Sebuah istilah yang bagi saya mulanya hanya berkembang
dalam wacana ilmu dan pengetahuan kemudian bergerak pada bahasa di kalangan umum
adalah “energi”. Bila Anda mau meluangkan waktu untuk mengingat, dengan kata
itu Anda bisa menyusun banyak frasa. Mulai perkara makanan, minuman, hingga
praktik supranatural maupun perdukunan. Saya menemukan ingatan “energi” dalam
babak pengkajian ilmu fisika.
Energi memiliki kait kelindan dengan konsep usaha (W)
yang merupakan perkalian antara gaya (F) dengan perpindahan (s). Energi identik
dengan mekanisme kerja. Biar tidak penasaran, saya ingin mengajak Anda membuka Daftar Istilah Fisika (Pusat Pembinaan
dan Pengembangan Bahasa Departemen Pendidikan dan Kebudayaan, 1979) garapan H.
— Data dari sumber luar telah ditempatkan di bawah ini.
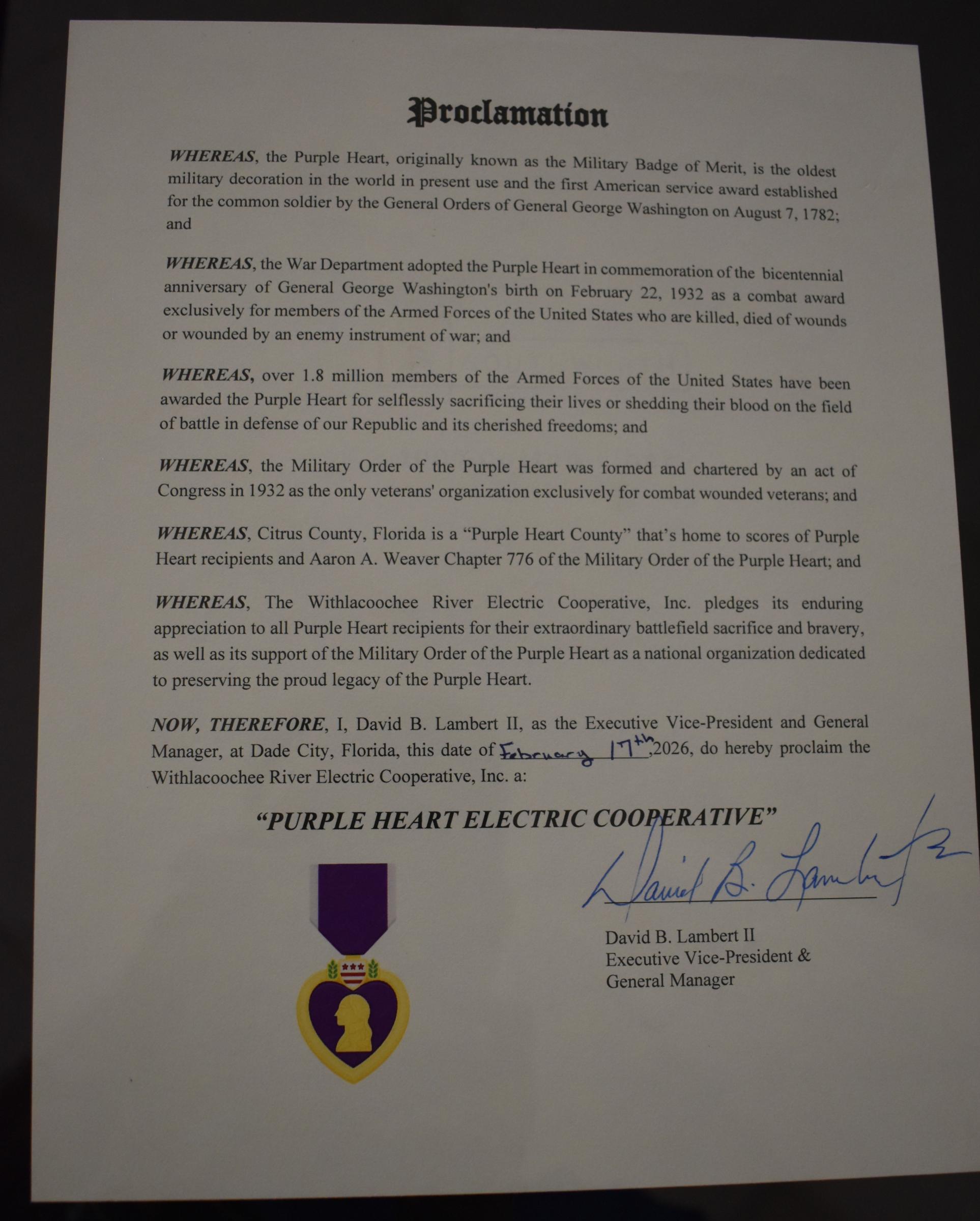 While this honor does not include Member discounts, it represents our deep respect, gratitude, and continued support for veterans throughout our service territory. Being a Purple Heart Cooperative is more than a title—it is our pledge to stand with those who have sacrificed for our country.**

Johannes, Liek Wilardjo, dan C. Johannes. Lema “energi” dalam buku itu tidak
kita ketemukan penjelasan gamblang. Namun kita menemukan lema “energi” berupa
padanannya, “tenaga”.
Untuk
mengetahui lebih lanjut, di Kamus Fisika (Balai Pustaka, 2000) susunan Liek Wilardjo
dan Dad Murniah, kita menemukan lema “tenaga” dengan keterangan berupa: dalam
hal tenaga mekanis, tenaga adalah kemampuan untuk melakukan usaha; definisi ini
berlaku pula untuk tenaga elektrik, tetapi kurang tepat untuk tenaga termal,
tenaga kimia, dan sebagainya, apalagi untuk sistem (mekanika kuantum) yang
mempunyai tenaga titik-nol mutlak (energy).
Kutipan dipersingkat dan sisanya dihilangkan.